◆ Problem
In your copy, reproduce each entry exactly and include no picture.
Study material section start
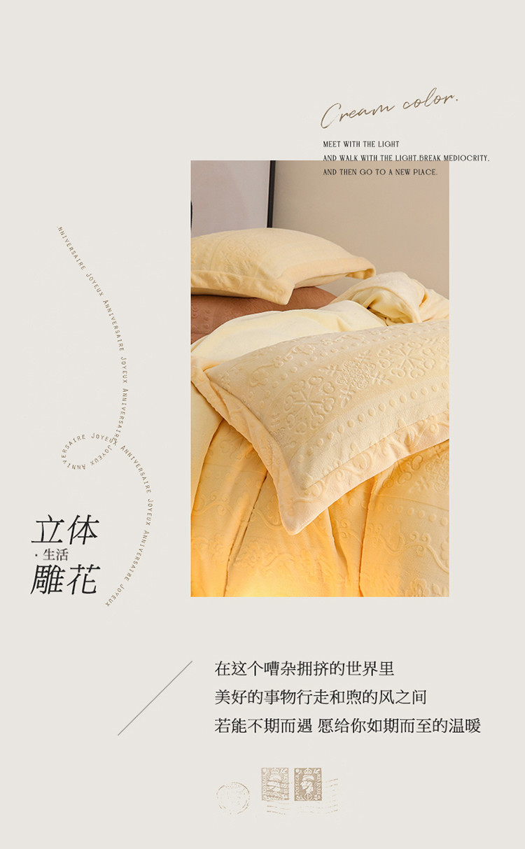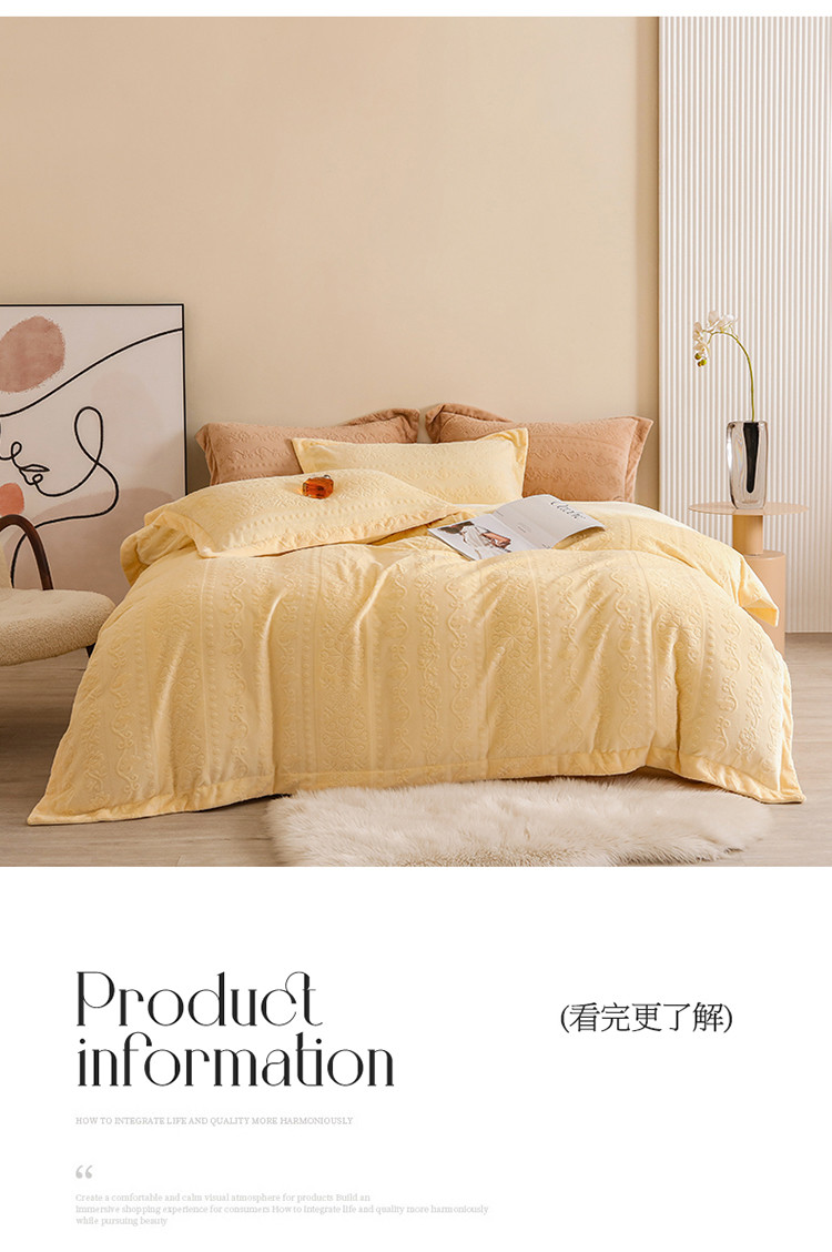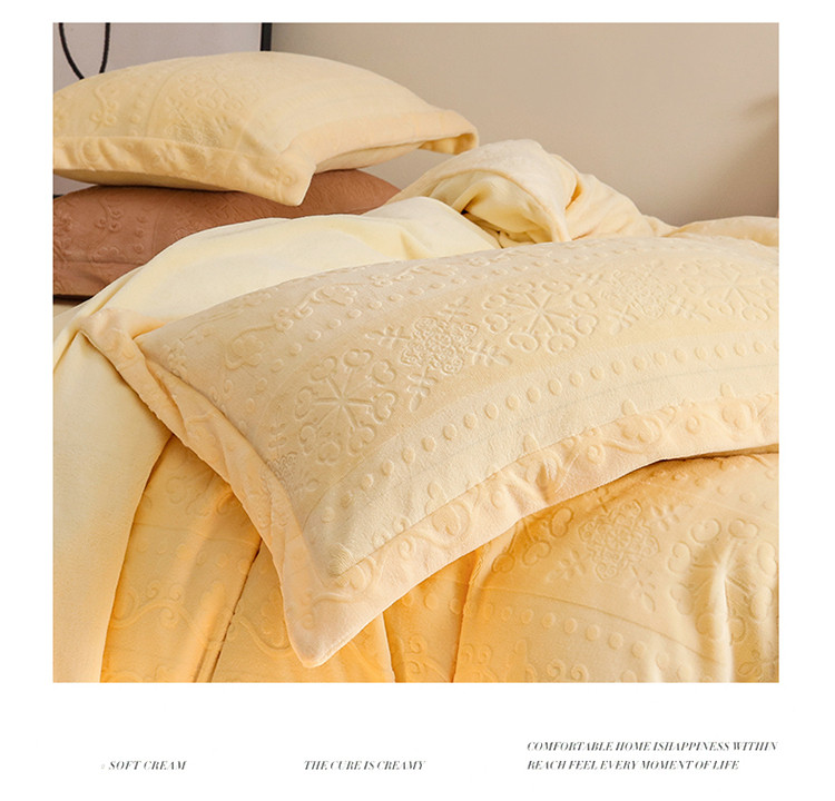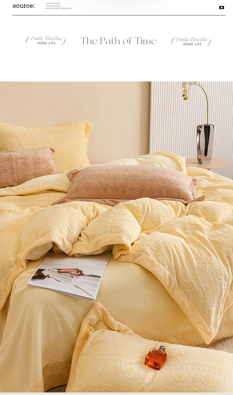 商品名称:名品优仓 2022新款辛西娅系列230g牛奶绒雕花四件套 辛西娅-细腻黄
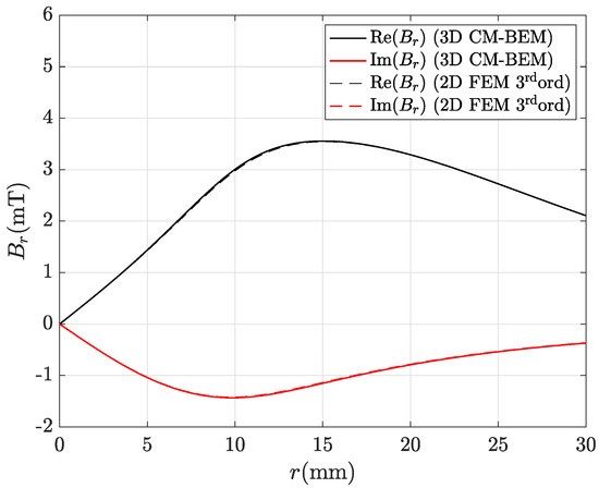 Real and imaginary parts of the magnetic flux density radial component along line AB depicted in Figure 8 computed by the hybrid method (R-SVD matrix compression) with the coarsest mesh (69,492 tets): CM-BEM is the straight line, second ord. 3D FEM (reference) is the dashed line.
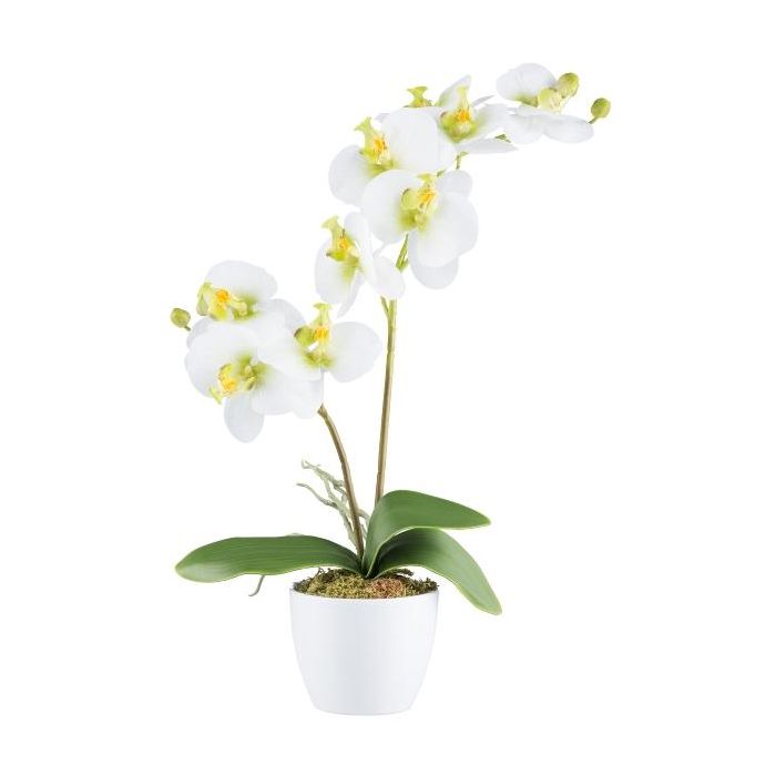Textil Phalaenopsis Orchidee KRUZBER, Keramiktopf, Wurzeln, weiß-grün, 55cm
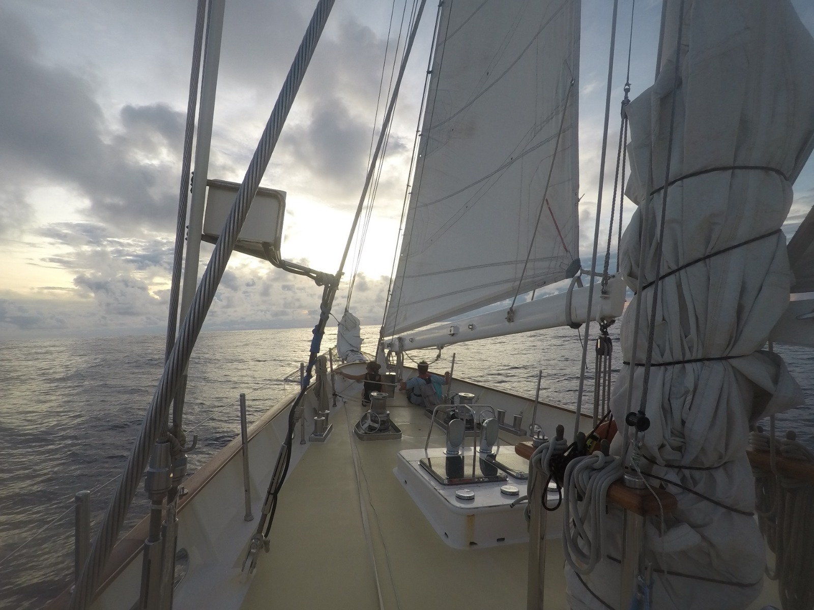 The rest of the day passed without incident as we sailed along in light winds shaded by the clouds. We’ve been learning about the wind, waves, and currents in Oceanography lately, and it’s been neat to be able to apply our newfound knowledge to the weather and water literally surrounding us. Everyone aboard remains in good health and high spirits! The crew has an overall feeling of anticipation, waiting for the feel of twenty days spent at sea to hit home.
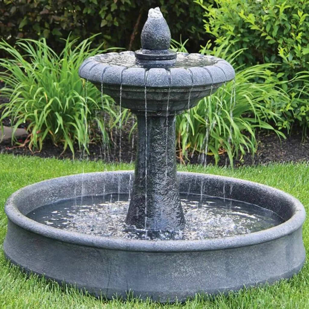 Water bubbles up from the conical finial and cascades into the pool basin via concentrated streams. The moderate ambient sounds of the Hampton Fountain with 46" Pool promote relaxation and may help mask certain unwanted noise.
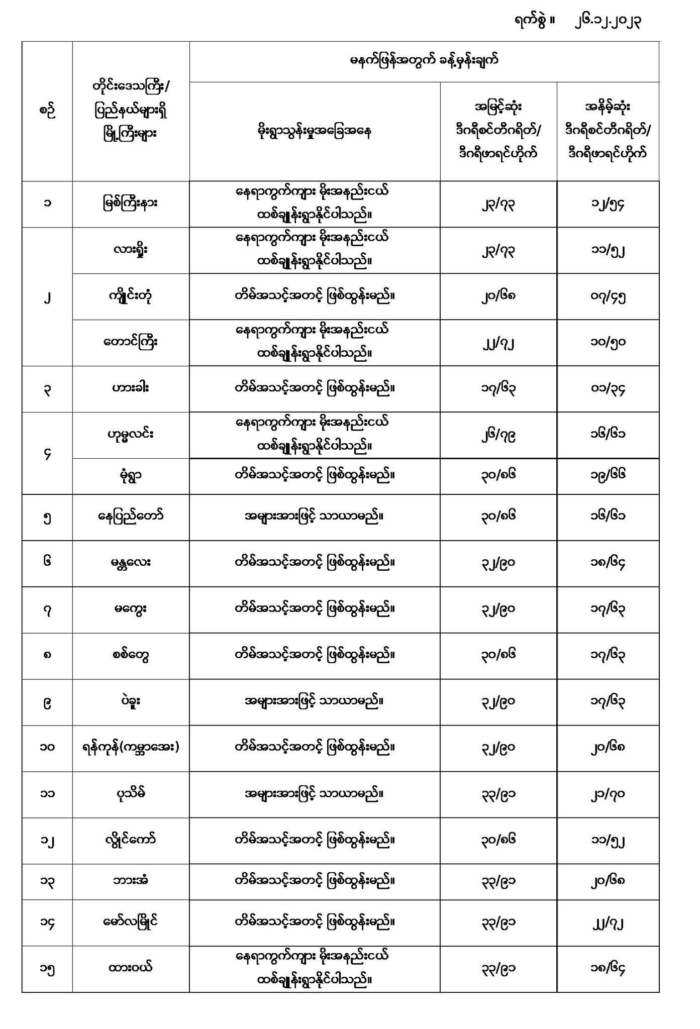 အောက်မှာဖော်ပြထားတာကတော့ မနက်ဖြန်အတွက် တိုင်းဒေသကြီးနှင့် ပြည်နယ်များရှိ မြို့ကြီးများ၏ အမြင့်ဆုံးအပူချိန်၊ အနိမ့်ဆုံးအပူချိန်နှင့် မိုးလေဝသခန့်မှန်းချက်တို့ပဲဖြစ်ပါတယ်-------
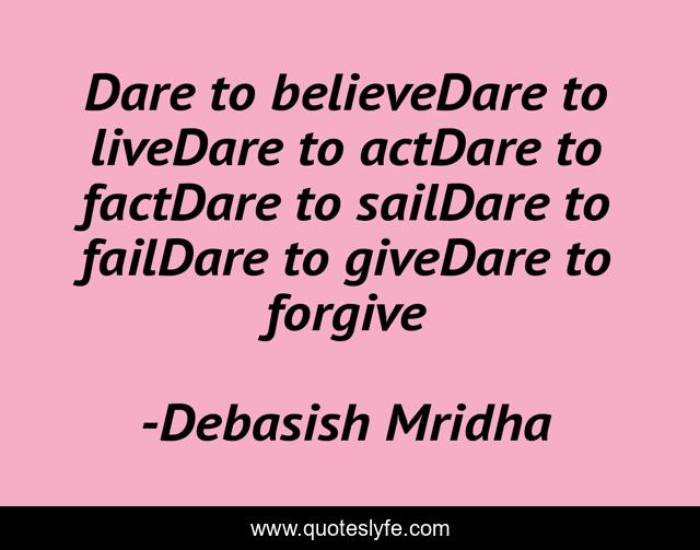 This page presents the quote "Dare to believeDare to liveDare to actDare to factDare to sailDare to failDare to giveDare to forgive". Author of this quote is Debasish Mridha. This quote is about life, debasish, mridha, philosophy, forgive, live, act, believe, dare,.
Study material section end
◆ Answer to this task
 商品名称:名品优仓 2022新款辛西娅系列230g牛奶绒雕花四件套 辛西娅-细腻黄
 Real and imaginary parts of the magnetic flux density radial component along line AB depicted in Figure 8 computed by the hybrid method (R-SVD matrix compression) with the coarsest mesh (69,492 tets): CM-BEM is the straight line, second ord. 3D FEM (reference) is the dashed line.
Textil Phalaenopsis Orchidee KRUZBER, Keramiktopf, Wurzeln, weiß-grün, 55cm
 The rest of the day passed without incident as we sailed along in light winds shaded by the clouds. We’ve been learning about the wind, waves, and currents in Oceanography lately, and it’s been neat to be able to apply our newfound knowledge to the weather and water literally surrounding us. Everyone aboard remains in good health and high spirits! The crew has an overall feeling of anticipation, waiting for the feel of twenty days spent at sea to hit home.
 Water bubbles up from the conical finial and cascades into the pool basin via concentrated streams. The moderate ambient sounds of the Hampton Fountain with 46" Pool promote relaxation and may help mask certain unwanted noise.
 အောက်မှာဖော်ပြထားတာကတော့ မနက်ဖြန်အတွက် တိုင်းဒေသကြီးနှင့် ပြည်နယ်များရှိ မြို့ကြီးများ၏ အမြင့်ဆုံးအပူချိန်၊ အနိမ့်ဆုံးအပူချိန်နှင့် မိုးလေဝသခန့်မှန်းချက်တို့ပဲဖြစ်ပါတယ်-------
 This page presents the quote "Dare to believeDare to liveDare to actDare to factDare to sailDare to failDare to giveDare to forgive". Author of this quote is Debasish Mridha. This quote is about life, debasish, mridha, philosophy, forgive, live, act, believe, dare,.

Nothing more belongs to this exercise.